Everlast Metal Products Corporation
- Formerly: Western Silver Works, Inc.; Western Silver Novelty Company
- Type: Private
- Industry: Housewares; Giftware;
- Founded: 1932 in New York City, U.S.
- Founders: Louis Schnitzer; Nathan Gelfman;
- Defunct: 1961
- Fate: Dissolved
- Headquarters: New York City, United States
- Key people: Jack Orenstein (national sales manager)
- Products: Hand forged (hammered) aluminum giftware and housewares

= Everlast Metal Products Corporation =

American aluminum giftware manufacturer (1932–1961)

Everlast Metal Products Corporation was an American manufacturer of hand forged (hammered) aluminum giftware and housewares that operated in New York City from 1932 to 1961. According to The Henry Ford museum, it was "one of the most prolific manufacturers of aluminum giftware" in the United States during the mid-20th century.

== History ==

=== Founders and predecessor businesses ===
Everlast was founded by the brothers-in-law Louis Schnitzer and Nathan Gelfman, metalworkers who emigrated from Kiev then part of the Russian Empire and now in Ukraine to the United States in the 1910s. In the early 1920s the two established a silver housewares business in New York City called Western Silver Works, Inc., where they polished and plated silver; by about 1930 they were producing silver and chrome plated items under the name Western Silver Novelty Company.

During the Great Depression, demand for silver housewares fell, and the partners turned to the cheaper metal aluminum. In 1932 they formed the Everlast Metal Products Corporation and began producing hand forged aluminum giftware.

=== Growth ===
Everlast introduced its first product line, "Forged Giftware," in 1933; featuring Colonial Revival and Neoclassical Revival inspired motifs, it continued until the company closed. Around 1935 Jack Orenstein was hired as national sales manager; he organized a national sales force that gave Everlast a leading position in the decorative aluminum giftware market.

After the United States entered World War II, aluminum production for consumer goods was halted, and Everlast secured government contracts, producing military equipment under the name Browning Precision Tool Co. After the war the company returned to consumer production and, in 1946, opened a showroom in Chicago to reach Midwestern buyers. Its most successful line, "Bali Bamboo," reflected postwar American interest in the South Pacific; according to The Henry Ford, "more than 60 different items, produced between 1946 and 1959, featured raised bamboo shoots and a satin finish."
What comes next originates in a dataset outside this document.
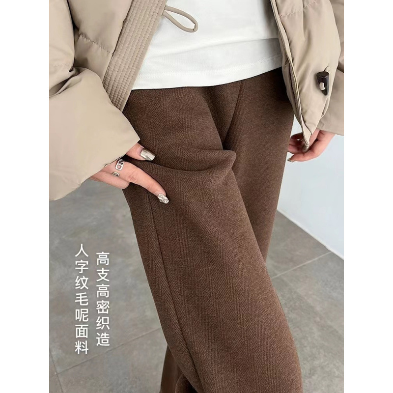 Maillard Celana Warna Coklat Wanita Musim Gugur Musim Dingin Pinggang Tinggi Lurus Wol Kecil Versi Sempit Ditambah Beludru Celana Kaki Lebar Pola Karakter

=== Decline and closure ===
The company struggled through the 1950s. In 1951 the Korean War again restricted aluminum for consumer goods, and Orenstein soon left the company to work in ceramics and plastics. Everlast introduced a highly polished "Silvercrest" line in 1952 and a contemporary "Everlast Modern" line in 1953, but decorative aluminum was increasingly regarded as old fashioned amid the rise of colorful plastics. After nearly thirty years in business, Schnitzer and Gelfman closed Everlast in 1961.

== Products and marks ==
Everlast's aluminum giftware was stamped "Hand Forged Everlast Metal" together with a maker's mark showing an anchor and an arm holding a hammer, usually with a pattern number below. The company used numerous marks and produced a wide range of decorative motifs, which are catalogued in standard collectors' reference books on hand wrought aluminum. Products included trays, bowls, pitchers, ice buckets, coasters, candle holders, silent butlers, cocktail shakers, and folding serving carts. Beyond forged aluminum, collectors' literature reports that the company produced additional lines, including color anodized aluminum ("Neocraft"), hand forged copper ("Plymouth Ware"), and an inexpensive "Harmony House" line for Sears.
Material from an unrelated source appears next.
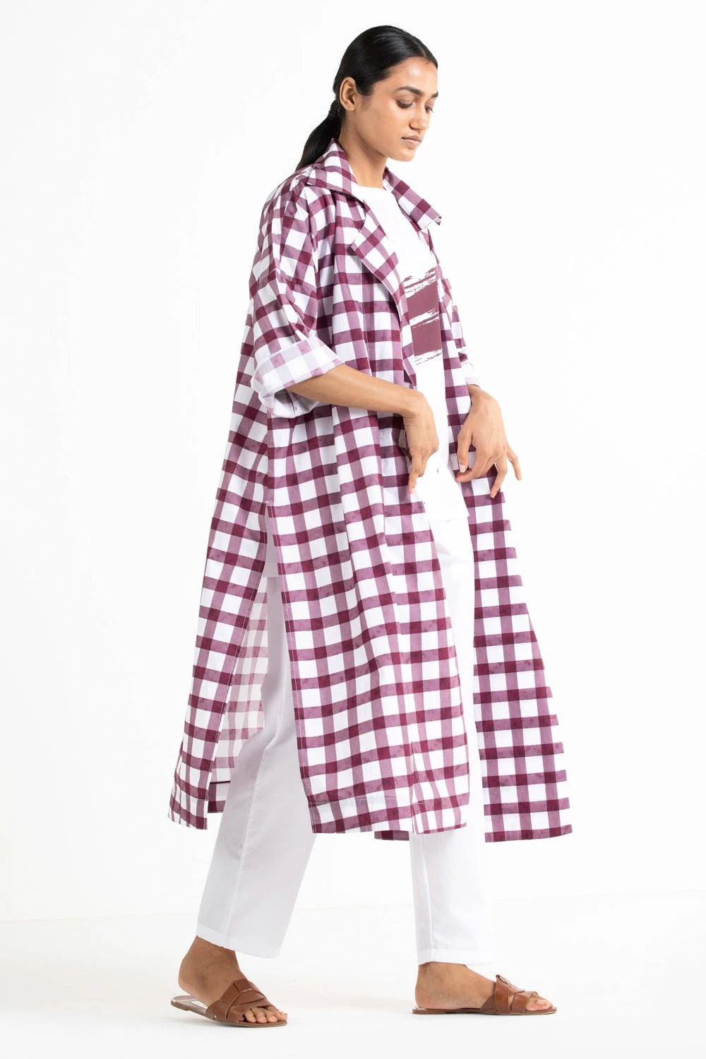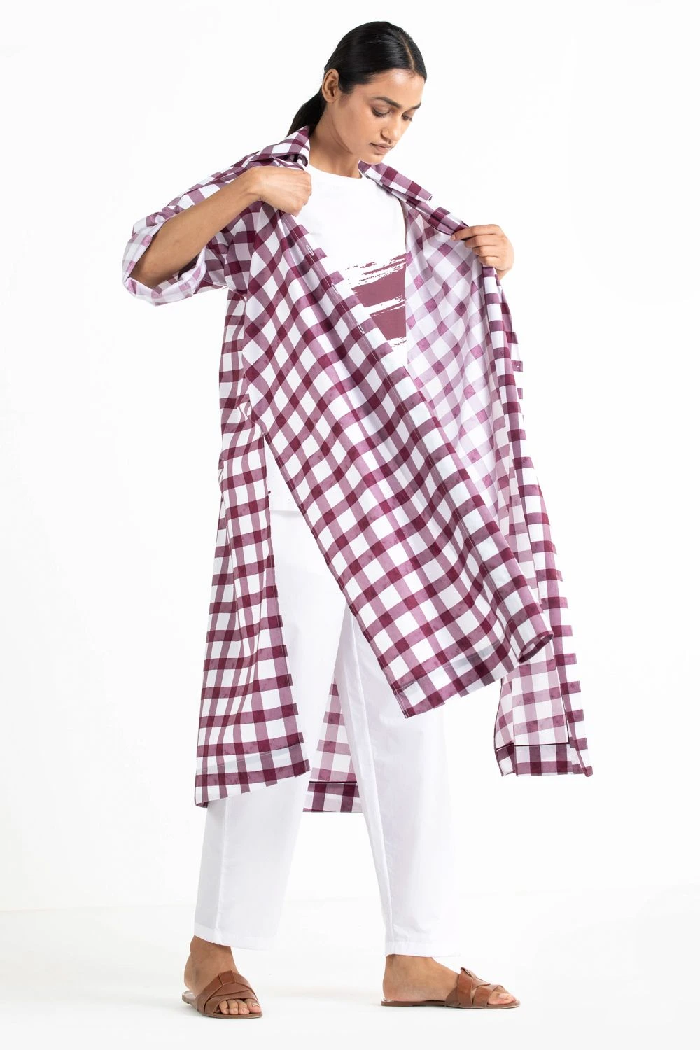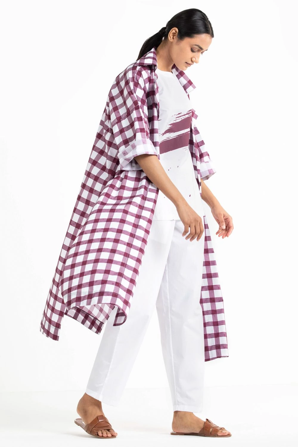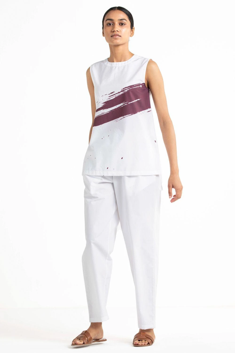 Add an artsy element to your everyday looks with this white sleeveless top. Cut in 100% cotton poplin, it features a wine abstract brush stroke print on the plain white base. Team it up with a pair of denims or cotton pants.

== Designer collaborations ==
Everlast is associated with the industrial designers Russel Wright and Mary Wright in the early 1940s. Dealers and auction records attribute a folding aluminum serving cart and butler tray bearing a "Fallen Leaves" foliate motif to a design by Mary Wright, made by Everlast around 1940; such pieces are said to have been shown at the Metropolitan Museum of Art's 1940 exhibition of contemporary American industrial art.

== Collecting and legacy ==
Everlast pieces are among the most frequently encountered mid-20th-century American hammered aluminum collectibles and are documented in collectors' guides by Dannie A. Woodard and Everett Grist. The Henry Ford in Dearborn, Michigan, holds a collection of Everlast objects and period advertisements, several of which are available through its digital collections. The company's history, production methods, marketing, marks, and motifs were documented in a 2006 research report by Kira Macyda.